6. What the provided sources do not supply

The sources supplied do not present a single, complete bibliographic list with full publication years and publishers for every Mamdani book on colonialism and nationalism; for example, while several entries give years for key titles [2] [11] [12] [3] others are referenced without consistent bibliographic detail in these snippets [5] [8]. Available sources do not mention every book Mamdani has written nor provide a complete chronological bibliography in the results you provided [13] [14].

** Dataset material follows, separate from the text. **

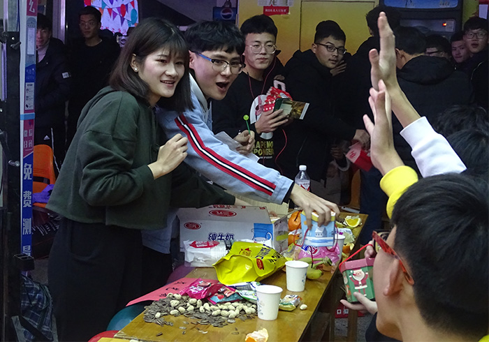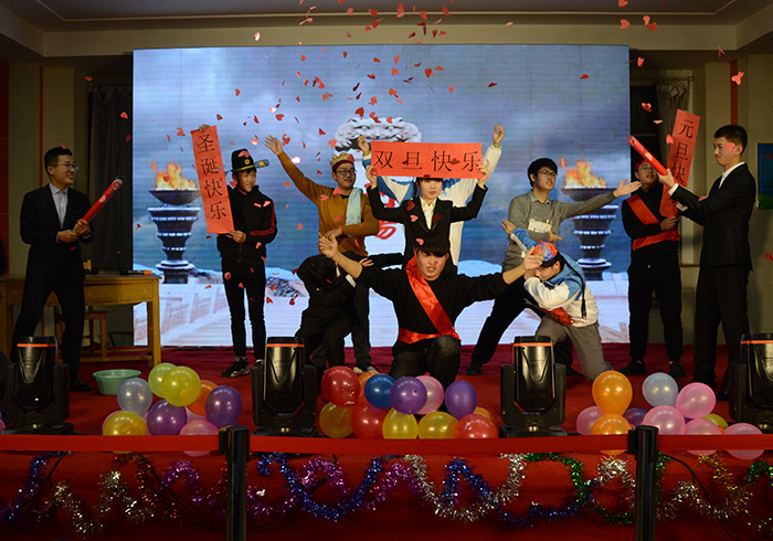 12月21日晚,机电系第十三届学生会元旦联谊晚会在岱宗餐厅一楼举行。

If you want, I can compile a precise, fully sourced chronological bibliography (author, full title, year, publisher) for Mamdani’s books on colonialism and nationalism—but I’ll need either permission to run a fresh search beyond these snippets or you can provide additional source links with full publication details.

Want to dive deeper?
What are Mahmood Mamdani's most influential books on colonialism and nationalism and their key arguments?
How did Mamdani's views on colonialism and nationalism evolve across his publications?
Which academic reviews critically assess Mamdani's books on colonialism and nationalism?
How have Mamdani's works on colonialism and nationalism influenced postcolonial and African studies curricula?
Are there interviews or lectures where Mamdani summarizes his positions on colonialism and nationalism?